Musgrave Park is a remnant of the former Kurilpa (South Brisbane) Aboriginal camping ground that stretched from "Highgate Hill and on (to) the slanting slopes of Cumboomeya (Somerville House)" and additionally "sometimes they made a camp in the little scrub then situated on the river bank near the recent entrance to the Dry Dock". From here and Woolloongabba, Aborigines in the 1840s and 1850s would go into South Brisbane to work chopping wood, carrying water, and selling fish.
The South Brisbane Recreation Reserve (as it was originally known) was created in 1856.

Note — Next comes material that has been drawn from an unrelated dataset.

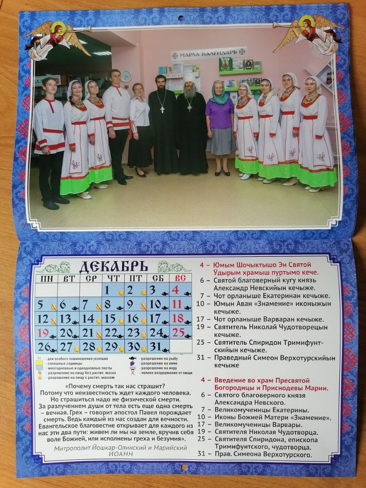 В преддверии Дня марийской письменности Марийская митрополия выпустила два православных настенных календаря на 2022 год. Это совместный проект Переводческой комиссии и Информационно-издательского отдела митрополии.

In 1867, it was proposed to build a public grammar school (Brisbane State High School) adjacent to the reserve.
In 1884 it was renamed Musgrave Park after the then Governor of Queensland, Sir Anthony Musgrave.
In 1998, the Brisbane City Council allocated part of the park for the establishment of an indigenous cultural centre. The council has described the park as a place for holding feasts, ceremonies and dispute resolution.
Musgrave Park is home to the Jagera Arts Centre and is one of the few remaining green spaces left in Brisbane's inner city. On 24 August 1998, after twenty years of legal struggles with the Queensland state government, the Musgrave Park Aboriginal Corporation (MPAC) secured a lease to build a cultural centre on portions of the park. The park holds special significance to the local indigenous population due to a past restriction barring Aborigines from crossing the park and entering the city of Brisbane. Notably, being the site of a buried bora ring, it has historically been a sacred site to the native Murri people.